2. Description of prior arts
A magnetic recording medium such as an audio-tape, a video-tape, or a recording medium employed in a computer system, basically comprises a nonmagnetic support and a magnetic recording layer provided on the support. The magnetic recording layer comprises a ferromagnetic powder such as a needle crystalline powder of .gamma.--Fe.sub.2 O.sub.3, Co-containing ferromagnetic iron oxide, or CrO.sub.2 dispersed in a binder. Recently, demand for a higher density recording system has increased, and hence studies of a magnetic recording medium using a ferromagnetic metal powder in place of the conventional oxide-type ferromagnetic powder have been made.
The ferromagnetic metal powder has been employed as a ferromagnetic powder of a recording medium of a computer system.
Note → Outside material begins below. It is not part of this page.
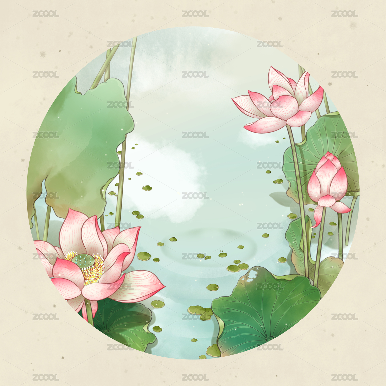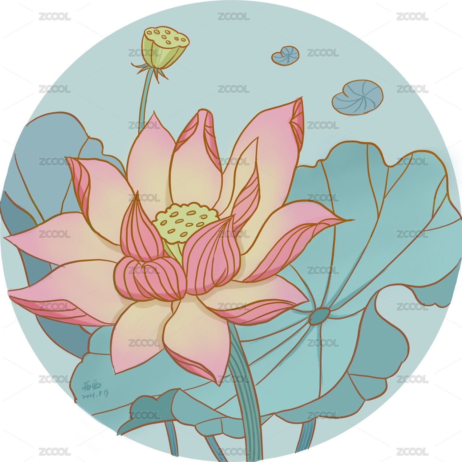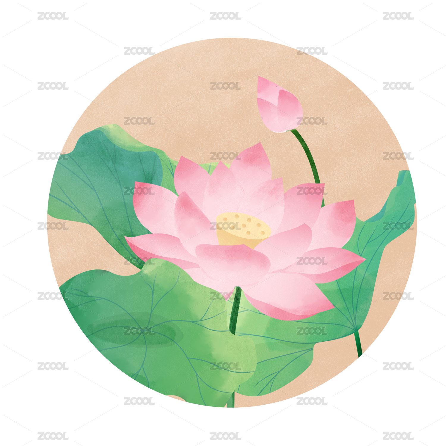 荷花水墨水彩中国风工笔画水墨意境荷花插画

The ferromagnetic metal powder is high in coercive force (Hc) and residual flux density (Br) and moreover is stable in a wide temperature range. For these reasons, attention to the ferromagnetic metal powder has been also paid for the use in such magnetic recording media as a video-tape or an audio-tape. The ferromagnetic metal powder is known to afford recording of a higher density, as the powder is more minimized.
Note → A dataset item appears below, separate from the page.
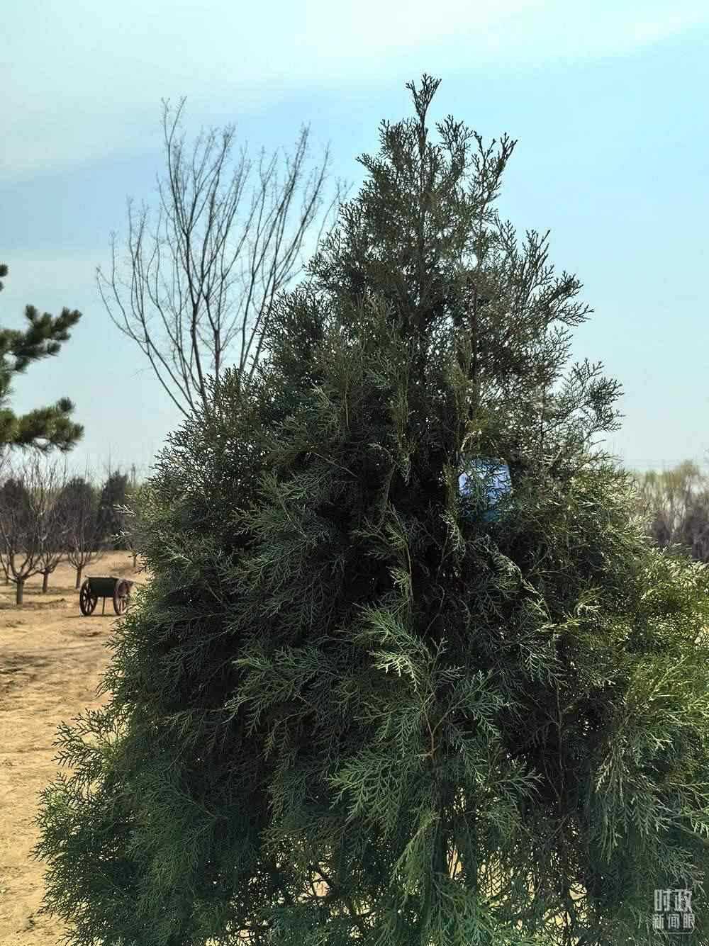△這是習近平種下的側(cè)柏樹苗。(總臺央視記者陸泓宇拍攝)

While the ferromagnetic metal powder has excellent characteristics, there is a drawback that the ferromagnetic metal powder is low in hardness. In more detail, a magnetic recording layer using the ferromagnetic metal powder shows poor running property, that is, the recording layer is easily scratched or the metal powder is easily dropped off from the layer in the course of running in contact with a magnetic head. These troubles cause the so-called drop-outs. Further, the dropped metal powder is apt to adhere to the surface of the magnetic head to cause clogging on the head. Furthermore, if a magnetic layer has a poor running property, the magnetic layer shows only short still life in the still mode in which a still video image is continuously reproduced.
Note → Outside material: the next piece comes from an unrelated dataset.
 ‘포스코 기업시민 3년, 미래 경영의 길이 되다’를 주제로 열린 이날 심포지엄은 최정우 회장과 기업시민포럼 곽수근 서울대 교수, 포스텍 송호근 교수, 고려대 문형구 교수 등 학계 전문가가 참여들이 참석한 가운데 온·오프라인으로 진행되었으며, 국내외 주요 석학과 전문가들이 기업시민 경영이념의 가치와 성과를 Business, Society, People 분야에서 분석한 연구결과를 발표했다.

It is known that the running property of a magnetic recording layer is improved by incorporating an abrasive (i.e., hard particles) such as corundum, silicon carbide or chromium oxide in the recording layer. However, generally the effect of incorporation of an abrasive is shown only where the abrasive is incorporated in a large amount. However, a magnetic recording layer containing a large amount of an abrasive likely causes extreme abrasion of a magnetic head employed in contact with the recording layer. Further, a large amount of an abrasive is unfavorable to the electromagnetic conversion characteristics of the recording medium. Furthermore, the incorporated abrasive is apt to be easily dropped off to adhere to the surface of the magnetic head.
For the above-described reasons, the conventional measure for improving the running property of the magnetic recording layer is not thought to be satisfactory, in view of the resulting characteristics of the magnetic recording medium as well as unfavorable effect given to a magnetic head.